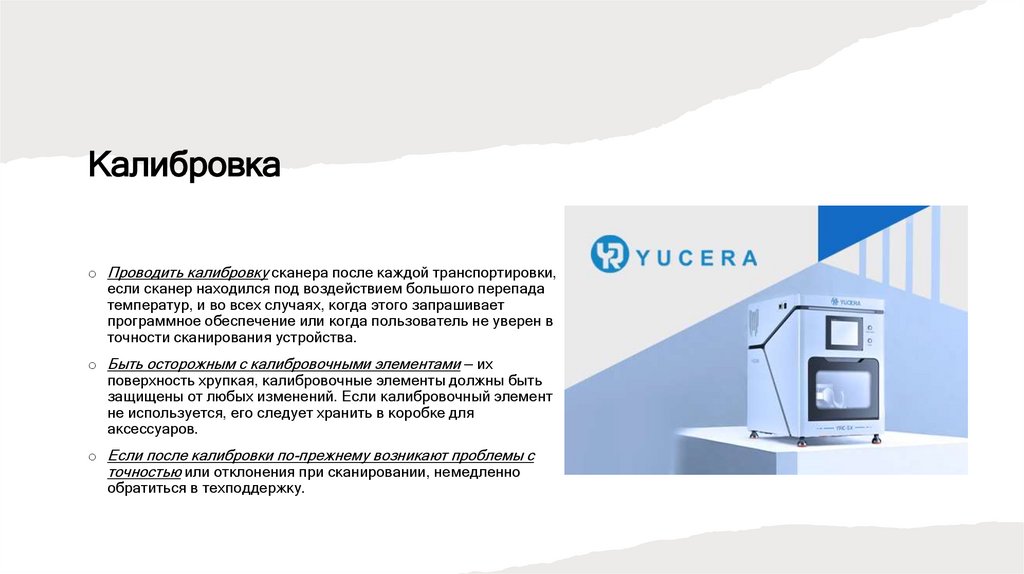 Калибровкаo Проводить калибровку сканера после каждой транспортировки,
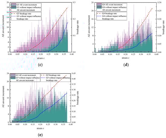 The evolution of the AE event increment and breakage rate. (a) AE event increment and breakage rate with size grading G1; (b) AE event increment and breakage rate with size grading G2; (c) AE event increment and breakage rate with size grading G3; (d) AE event increment and breakage rate with size grading G4; (e) AE event increment and breakage rate with size grading G5.
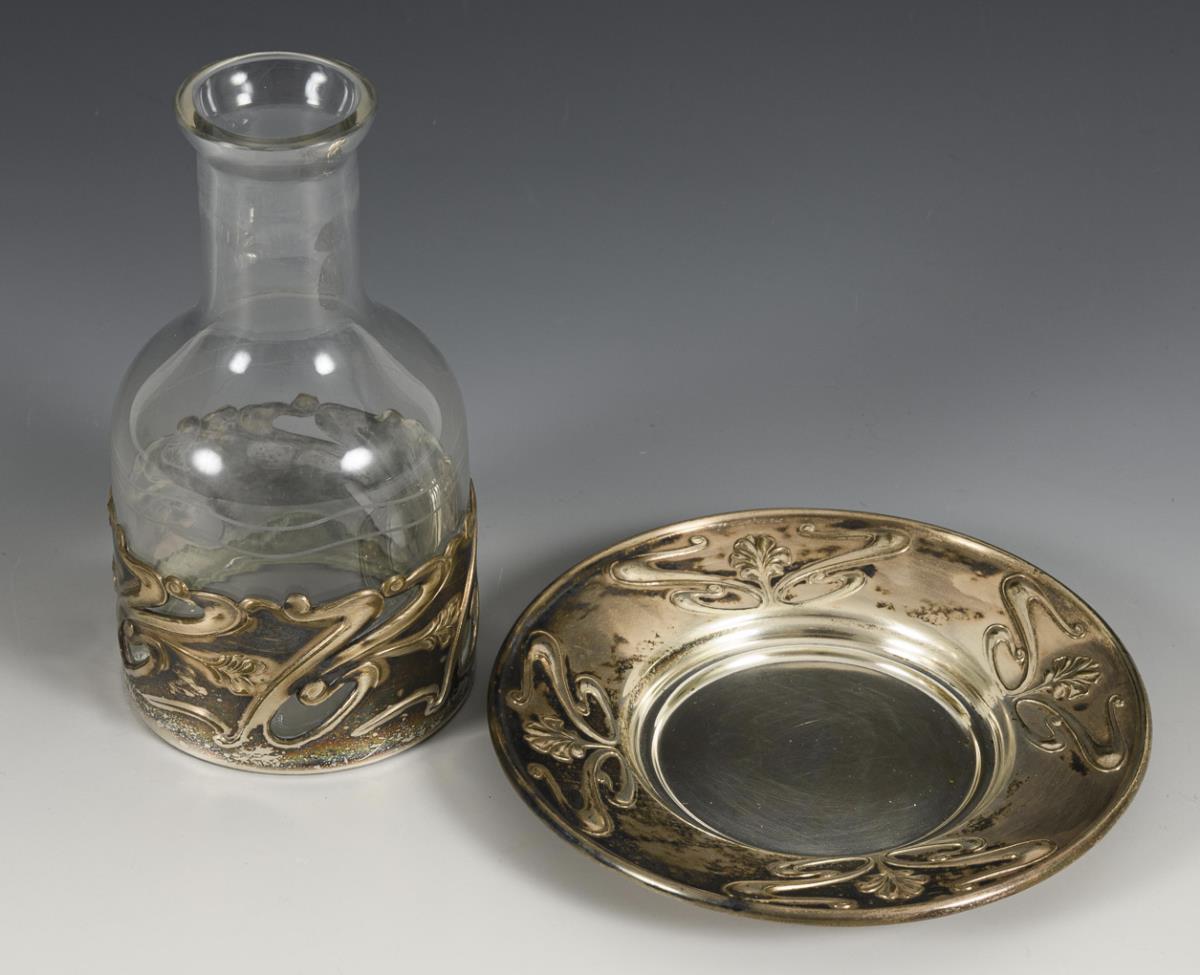Flacon (without stopper) with metal mount in relief, on matching saucer. Signs of wear, somewhat rubbed.
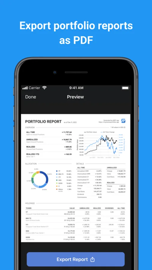 - Manage your stock portfolios and view performance over time, with metrics such as realized gains, unrealized gains, daily and total changes, and annualized gains
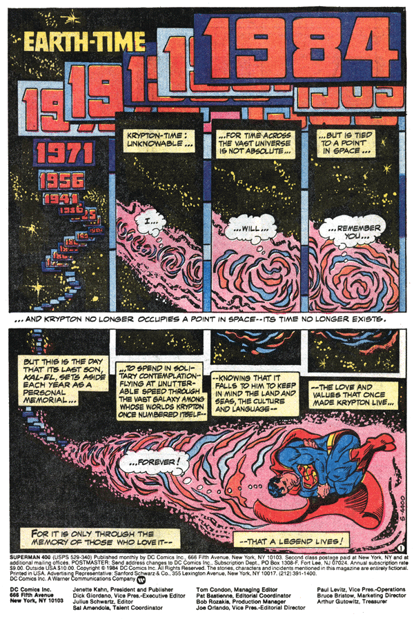 An excerpt from Superman #400 (1984), by Elliot S! Maggin and Joe Orlando

---------------

▸ EXERCISE DESCRIPTION:
Nothing but the lines from the line containing "- Manage your" through the last line of the records above is to be extracted, exactly and with no pictures.

▸ RESPONSE BELOW:
 - Manage your stock portfolios and view performance over time, with metrics such as realized gains, unrealized gains, daily and total changes, and annualized gains
 An excerpt from Superman #400 (1984), by Elliot S! Maggin and Joe Orlando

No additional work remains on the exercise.